### What to work on
Please output every line of the material as it stands, without the pictures.

### Information shown
┄┄┄┄┄┄┄┄┄┄┄┄┄┄┄┄┄┄┄┄
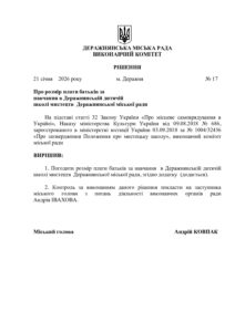 17. Рішення виконкому Про розмір плати за навчання в музичній школі
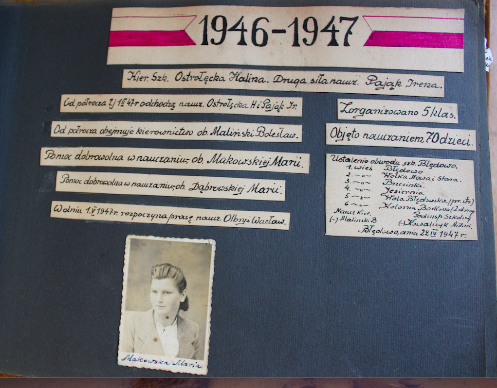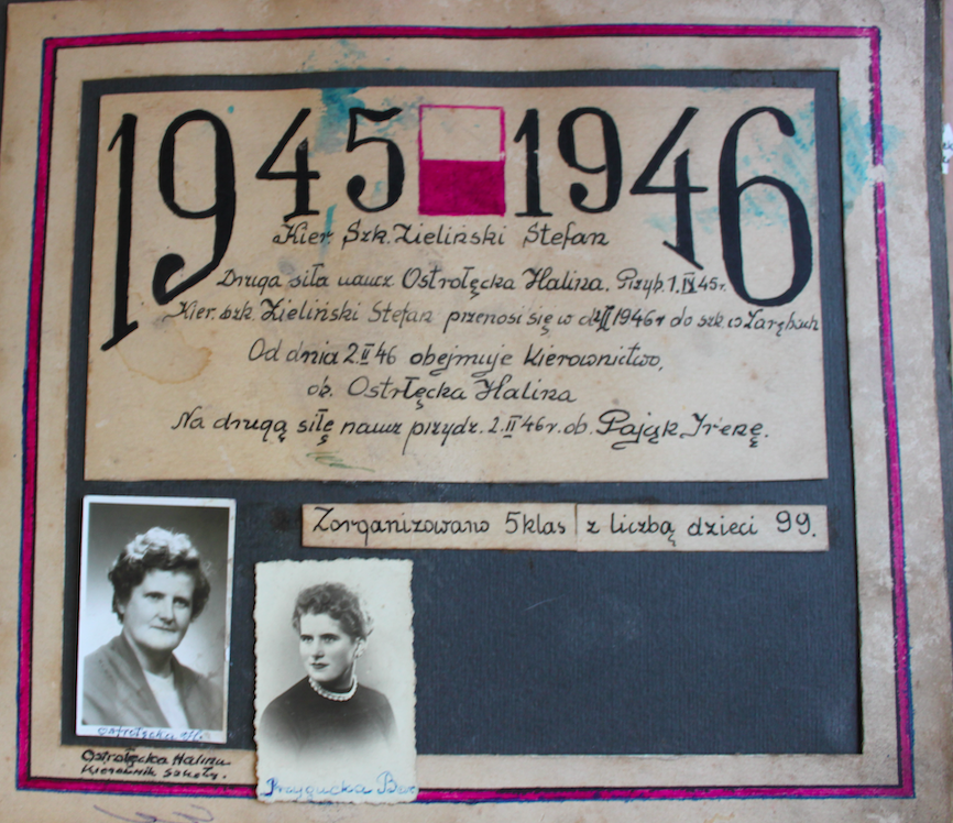 Od 1 IX 1945 roku nauczycielką zostaje p. Halina Ostrołęcka, która od lutego 1946 roku pełni funkcję kierowniczki szkoły, po odejściu Stefana Zielińskiego do szkoły we wsi Zareby, od 2 lutego 1946 przydział do pracy dostaje Irena Pająk.
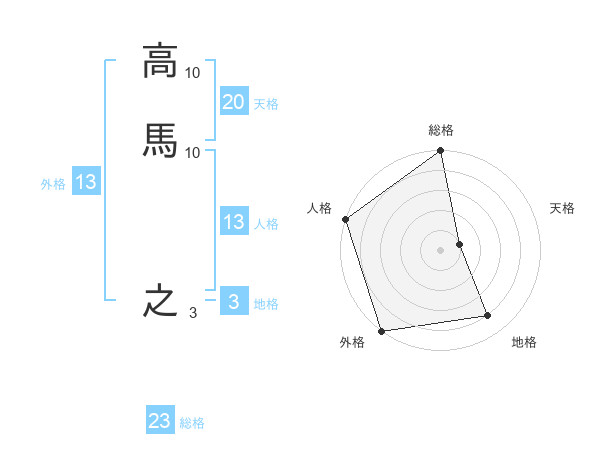 高馬 之さんの外格は13画の5点!
┄┄┄┄┄┄┄┄┄┄┄┄┄┄┄┄┄┄┄┄
### Response to the task
 17. Рішення виконкому Про розмір плати за навчання в музичній школі
 Od 1 IX 1945 roku nauczycielką zostaje p. Halina Ostrołęcka, która od lutego 1946 roku pełni funkcję kierowniczki szkoły, po odejściu Stefana Zielińskiego do szkoły we wsi Zareby, od 2 lutego 1946 przydział do pracy dostaje Irena Pająk.
 高馬 之さんの外格は13画の5点!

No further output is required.